Winterling, by Sarah Prineas


Author: Sarah Prineas

Genre: Fantasy adventure
Stand alone or series: First in a series
Publisher: HarperCollins (January 3, 2012)

I picked up this new book by Sarah Prineas, because I had read and enjoyed her ‘Magic Thief’ series. I was looking for more of the wonderful world-building and voice that captivated me in her earlier books. And, I’m happy to say I wasn’t disappointed.

‘Winterling’ is the story of Fer, a young girl who “feels an instant attachment” to a magical realm that can be reached through a Way in the forest. This is a portal story like a lot of children’s fantasy novels, and it somewhat reminds me of ‘The Lion, the Witch, and the Wardrobe.’ The Way through to the other world is always present yet secret, and can only be reached by certain individuals.

There’s an evil huntress/queen with the requisite minions, and magic that initially exists only in that world but also threatens to seep through to ours. There’s also a Mr. Tumnus-like character, who helps Fer navigate her way when she first arrives. But, unlike the unfortunate Tumnus, this secondary character remains important throughout the story.

Still, there is much in ‘Winterling’ that makes it a truly unique adventure. Fer’s character, with her patchwork jacket and herbs, is a very likable heroine. She has a wild, nature-loving personality, which weaves nicely into and throughout the plot. As her history is revealed, we find out more of why she is drawn to this place. The way she interacts with this strange world and its residents feel natural and not at all contrived. Her allies, particularly her horse (which is more than just transportation), add interest and will keep readers wondering about who’s who, and where the story is going.

There are points in the plot that seem as though they appeared out of nowhere. But, overall, it’s a fast-paced and well-told story. I also wish that Fer’s grandmother was a more substantial character. I feel that she has more to say and more to show our heroine. Maybe we’ll see this in future books (I hope).

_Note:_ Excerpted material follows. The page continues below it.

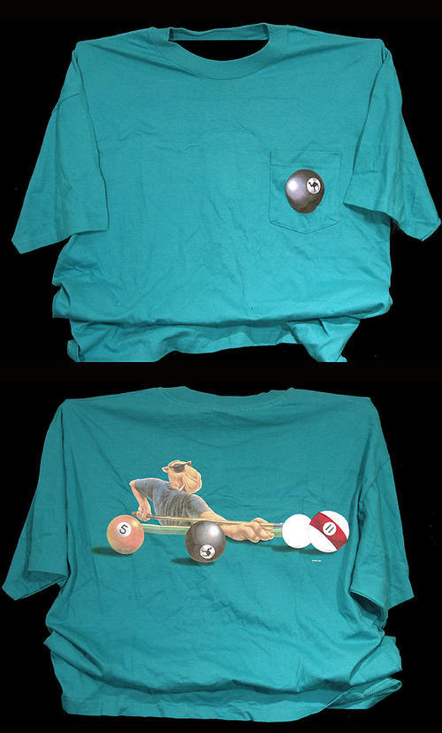 XL Turquoise Camel t-shirt with Camel character playing billiards on the back.

My favorite aspect of the book is the voice in which the story is told. The imagery is rich and descriptive, with bits of lovely prose here and there. As an example, here’s the first paragraph:

The dog fled. He raced down a shadowy forest trail lit by the full moon. Hearing the howl of the wolves that pursued him, he left the path for the darker forest, struggling through brambly bushes, dodging trees that grabbed after him with long, twiggy fingers.

This is a great fantasy novel for both middle-grade boys and girls.